MD So what’s a mind-set of them and also I know you’ve touched upon this earlier but what kind of guidelines have you put in place at the moment to support them?
MC So a lot of the comments that we’re getting back from people who are using the more traditional services, and certainly from unpaid carers as well who’ve seen SPAEN as being a huge help and resource for them in terms of just keeping up to date with information, keeping safe etcetera, some of the kind of stronger words that are coming through are things like isolated and abandoned. It’s quite sad that people are coming forward and saying that they’re feeling abandoned at this time. They feel like they’ve been deprioritised. They feel that because they’re not on the HSCP or the care agency list, that they’re basically out of sight and out of mind. This is a time where we really should be rallying together. So as I say, one of the resources that we put together was the emergency register, which just allowed people to access potential supports that are there. Some HSCPs have been absolutely fantastic, and North Lanarkshire in particular. They were very quick in getting in touch and telling us about their resilience committee that was working, talking about advice and support for things like social care. Again the guidance is always written towards perhaps homecare staff or agency care staff, but a lot of it’s very relevant to what PAs are doing in people’s homes. It’s very similar in terms of what the job actually is. It’s just how it’s delivered slightly different. They’ve been very good at giving us details about where people could perhaps access PPE. So yeah, we’ve put a lot of stuff out about things like absence, what do I keep paying my PAs, how do I make sure that my PAs are safe when they come to work and how do I make sure my PAs are safe outside of work as well. So it’s been really touching.

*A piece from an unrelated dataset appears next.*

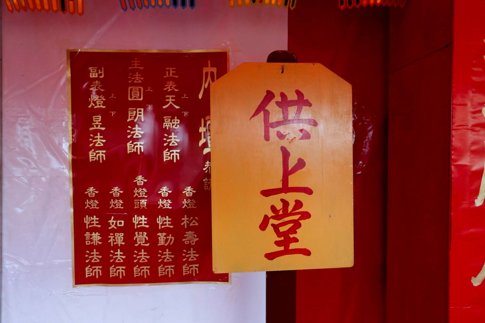 壇前門上掛請聖幡10首,幡上書10席總名,需依儀文位次,切勿錯亂。

MD Next up we’re going to hear from a charity called Partners for Inclusion Group. They are an independent charity providing individual support for people with learning disabilities and mental health. So we spoke to the CEO of Partners, Pete Richmond.

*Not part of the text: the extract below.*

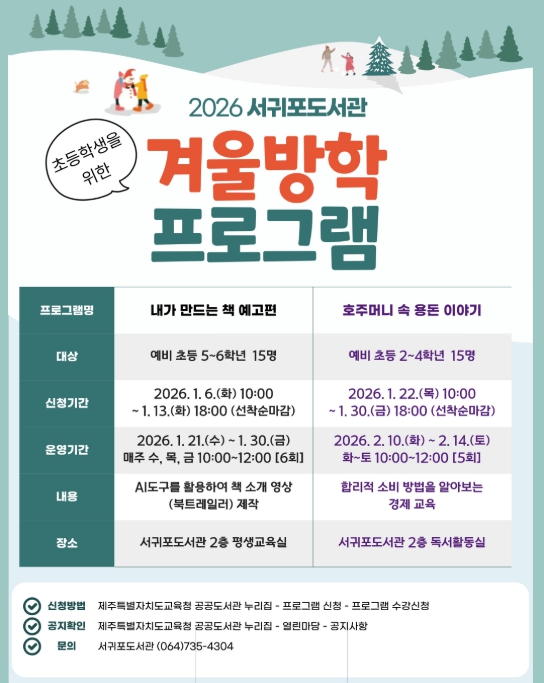 [뉴스노크=김인호 기자] 제주도교육청 서귀포도서관은 겨울방학을 맞아 어린이들의 호기심을 자극해 책 읽기의 즐거움과 경제 감각을 키우는 겨울방학 프로그램을 운영하며, 내년 1월 6일부터 참가자를 모집한다.

PR Yeah, well we’re a social care charity. We support people who have a learning disability, physical disability, maybe with mental health problems, basically people who just require some additional support. We don’t like to have lots of labels around people because actually most of us have got one label or another, or two or three, and it can end up a very long list really. So it tends to be people who do have a learning disability and need help or support in daily living, whether that be 24 hours a day or just a few hours’ support a week. We do it in a way where it’s supporting people in their own homes or getting about from their own home. What we don’t do is support people in congregated living arrangements, certainly which we’ve not set up. There’s one or two people who do live in places like that but mostly it’s people in their own ordinary home going about doing their ordinary business.
MD So can you tell us what’s the views of people that you support? Are there any kind of issues at the moment in terms of you delivering the support to them? Are there any issues in the way?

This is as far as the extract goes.